Diferentemente do primeiro ciclo (2019–2024), quando o crescimento foi impulsionado por capex acelerado, 2025 vem sendo ancorado em eficiência: rotação de ativos, verticalização de serviços e desintermediação de peças. A aquisição de 60% da Engelog encaixa-se nesse playbook ao combinar um aporte primário modesto com a aplicação do modelo de gestão Armac para redução de custos, mitigação de ociosidade e captura de margens em contratos já estabelecidos em portos e infraestrutura. Além de fortalecer a posição no Nordeste, a frota premium e a carteira de longo prazo facilitam a conversão de EBITDA em caixa, favorecendo disciplina de capital. Essa guinada já havia sido explicitada na migração do “crescer por capex” para “extrair retorno” apresentada no roadshow de 17/10/2025, quando a companhia detalhou a ênfase em retorno, rotação e ganhos operacionais.
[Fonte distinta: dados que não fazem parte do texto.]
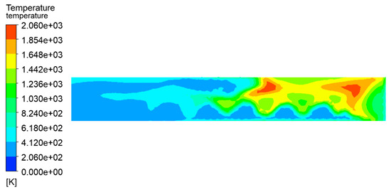 The temperature distribution of the tanks in the tank farm was analyzed using the CFD-Post 2020R1 software, as shown in Figure 7. The tanks 1#, 6#–14#, which were located downwind of the accident tank, were most affected by the fire. The highest temperature of the tanks could reach 1432 K. Under this extremely high temperature, an explosion would probably occur, and secondary accidents would result in more serious consequences in the tank farm. Tanks 15#–21# were least affected by the thermal radiation of the accident tank. Compared with tanks 6#–14#, the temperatures of tanks 15#–21# were lower, which made it easier to not cause serious consequences, such as rupture or failure. The combustion temperature of hydrocarbon combustion reached 2060 K, which appeared at the south exit, as shown in Figure 8. Therefore, the potentially catastrophic consequences need to be paid more attention due to the severely high local temperatures.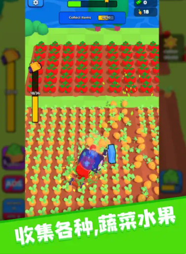 1.玩家将成为一个愉快的农场主,解锁各种工具,让自己变得更加的悠闲愉快。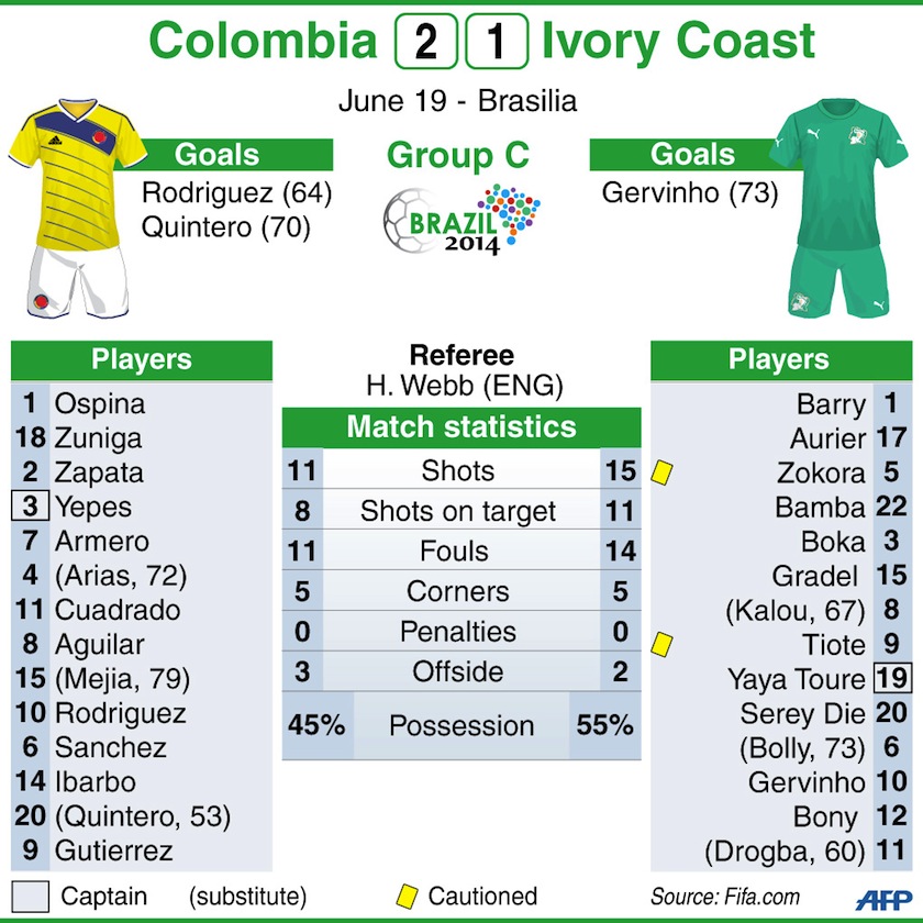 James Rodriguez beat Ivory Coast substitute Didier Drogba to a corner with a powerful header for the first goal before Juan Quintero coolly netted a second in a 2-1 win that put Colombia on six points and in control of Group C.
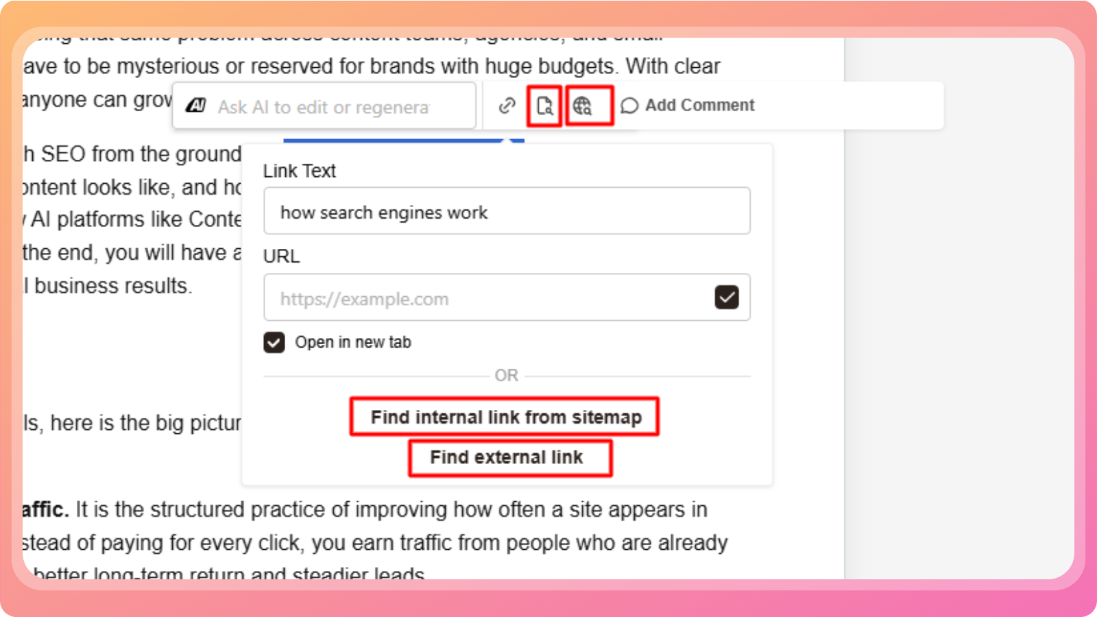 Add an internal link relevant to the selected text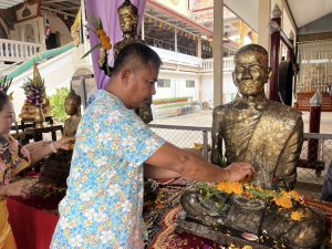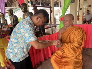 พ.ต.อ.ณัฐวัตร มีมุข ผกก.สภ.หางน้ำสาคร ♦️ร่วมพิธีสรงน้ำพระ รดน้ำดำหัวผู้สูงอายุ เนื่องในวันสงกรานต์ และกิจกรรมมอบเกียรติบัตรให้แก่ผู้ทำคุณประโยชน์ด้านจิตอาสา ของเทศบาลตําบลหางน้ำสาคร ณ วัดหางน้ำสาคร
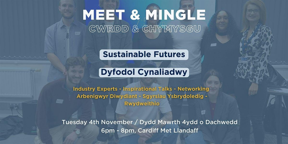 Dewch draw i'n digwyddiad Cwrdd a Chymysgu wrth i ni agor sgwrs ar thema "Dyfodol Cynaliadwy". Byddwn yn clywed gan sylfaenwyr sy'n meddwl ymlaen ac sydd ar genhadaeth i ymgorffori cynaliadwyedd amgylcheddol yn eu harferion busnes, wrth addysgu a chefnogi'r cyhoedd yn gyffredinol ynghylch adeiladu ffyrdd o fyw mwy cynaliadwy a moesegol.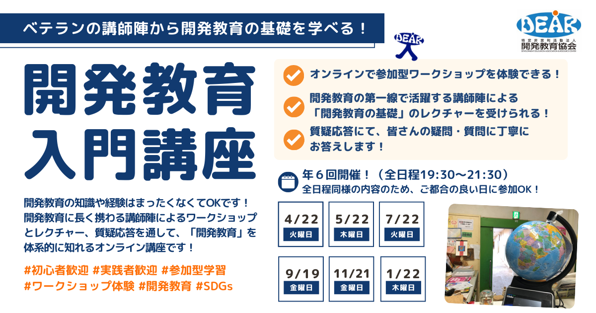 開発教育に長く携わる講師陣によるワークショップとレクチャー、質疑応答を通して、「開発教育」を体系的に知れるオンライン講座です!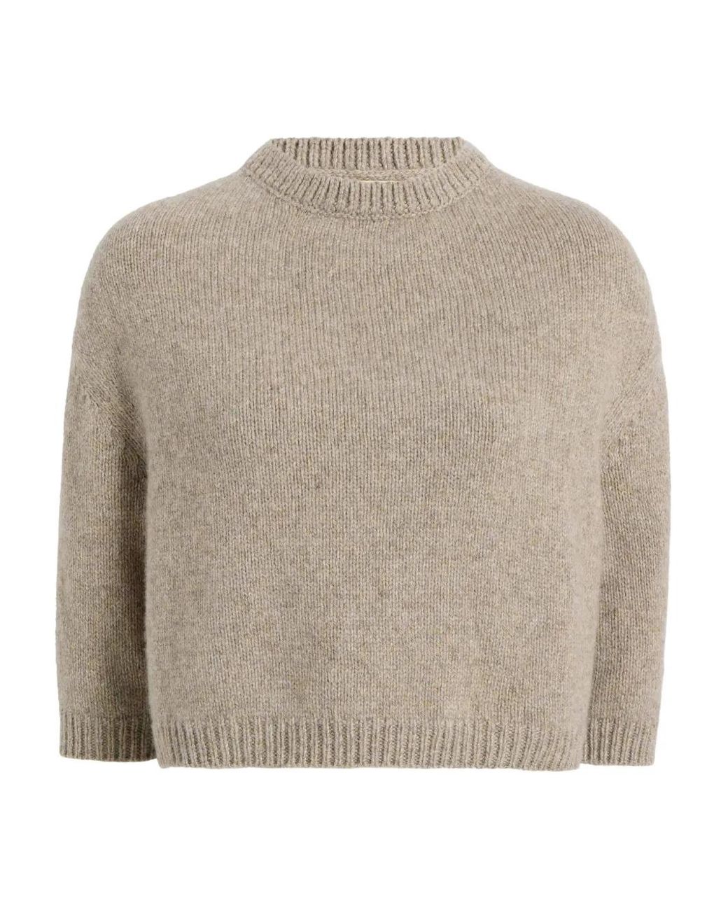 Beige cashmere ribbed trims three-quarter sleeves crew neck Size: M. Gender: Female. Material:Cashmere. Colour: grey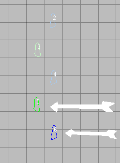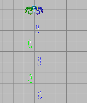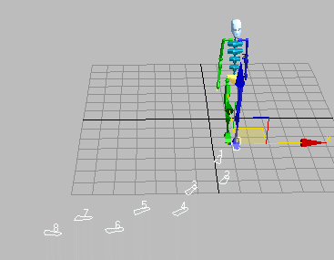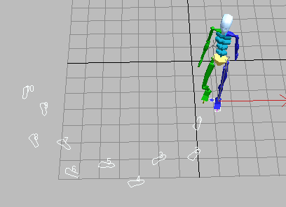 Şimdi hemen kaldığımz yerden ikinci hareket dosyamızı için, daha önce tek ayak simgesini tıkladığımz yerde, ilk başta bulunan "Create footsteps (appends) (yukarıda birinci resim) linkine tıklayarak, üstten gürüş penceresine geçin. daha önce oluşturduğumuz dört adımın devamı olarak tek tek tıklayarak beşinci ve altıncı adımları oluşturun.

Na dimensão de governança e alocação, o fato de a operação não ser considerada relevante, não demandar assembleia e não gerar direito de recesso reforça pragmatismo: avançar em crescimento seletivo com baixa diluição de risco, mantendo previsibilidade de caixa. O desenho também conversa com a manutenção de uma remuneração parcimoniosa, calibrada ao ambiente de juros e à geração operacional, sinalizando que o segundo ciclo prioriza retorno sobre capital e estabilidade financeira. Essa coerência aparece na política de dividendos/JCP, que vem sendo ajustada sem comprometer a capacidade de investimento, como na distribuição de JSCP de R$ 21,7 mi aprovada em 09/10/2025.